In bijna alle dreven, zowel N-Z als O-W gelegen, vanaf de Gemertsedijk tot aan de Meerbosweg kwamen grote hoeveelheden gevulde jerrycans te liggen. Telkens een drie- of viertal rijen achter elkaar, een vijf- of zestal hoog opgestapeld en over een lengte van vijftien tot twintig meter. Afwisselend links en rechts aan de randen van de dreven met een onderlinge tussenruimte van ca. 25-30 meter. Het overgrote deel van de jerrycans was in de bekende platte uitvoering, doch er was ook een aantal in de ronde uitvoering bij.
Met vrachtauto’s werden de voorraden aan- en afgevoerd. Lange rijen vrachtwagens reden dan door de dreven, welke vooral bij regenachtig, nat weer binnen de kortste keren totaal kapot gereden werden en dan veranderden in ‘crossbanen’.
De zware GMC-trucks kwamen er in de meeste gevallen wel uit en doorheen, gevolgd door een bulldozer die dan ‘de paden weer effende’. De aan- en afvoerkonvooien bestonden soms wel uit 75 of meer trucks.

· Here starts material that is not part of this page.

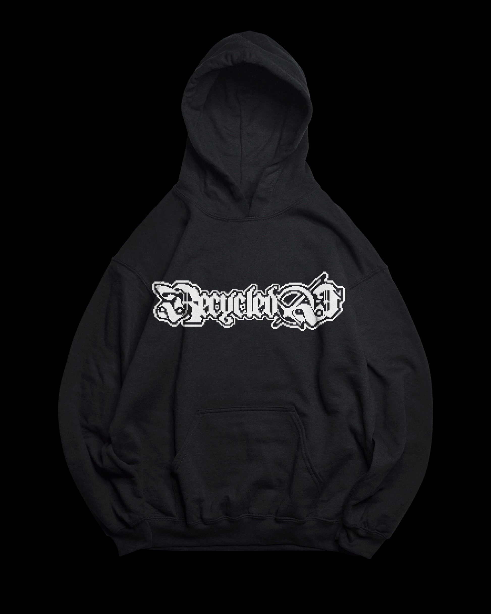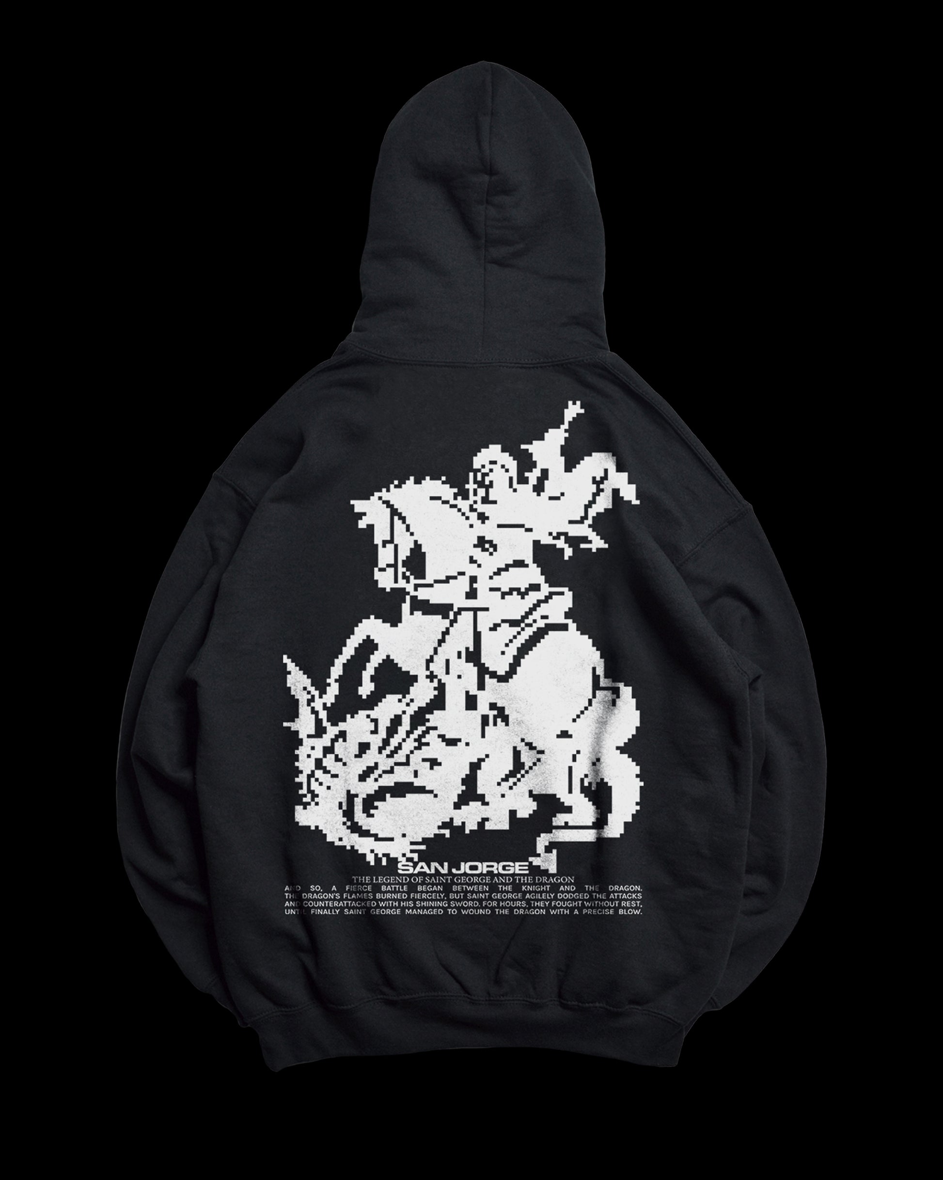 Píxel Hoodie ®. Sudadera negra con capucha. Corte oversize. Print de serigrafía en pecho y espalda. 100% algodón, felpa perchada. 400 gramos.

Met grote regelmaat werden de jerrycans aangevoerd, de voorraden aangevuld en dan weer door andere transporteenheden opgehaald ter bevoorrading van de fronttroepen. De buurtbewoners menen wel eens begrepen te hebben (dit op basis van mededelingen van de chauffeurs) dat de brandstof rechtstreeks naar de onderdelen aan het front werd gebracht. Dit hangt me nog bij uit de periode begin februari 1945 toen in het gebied achter Nijmegen – het Reichswald de operatie Veritable speelde. Dezelfde ploeg chauffeurs bleef dan wel drie, vier dagen op en neer rijden.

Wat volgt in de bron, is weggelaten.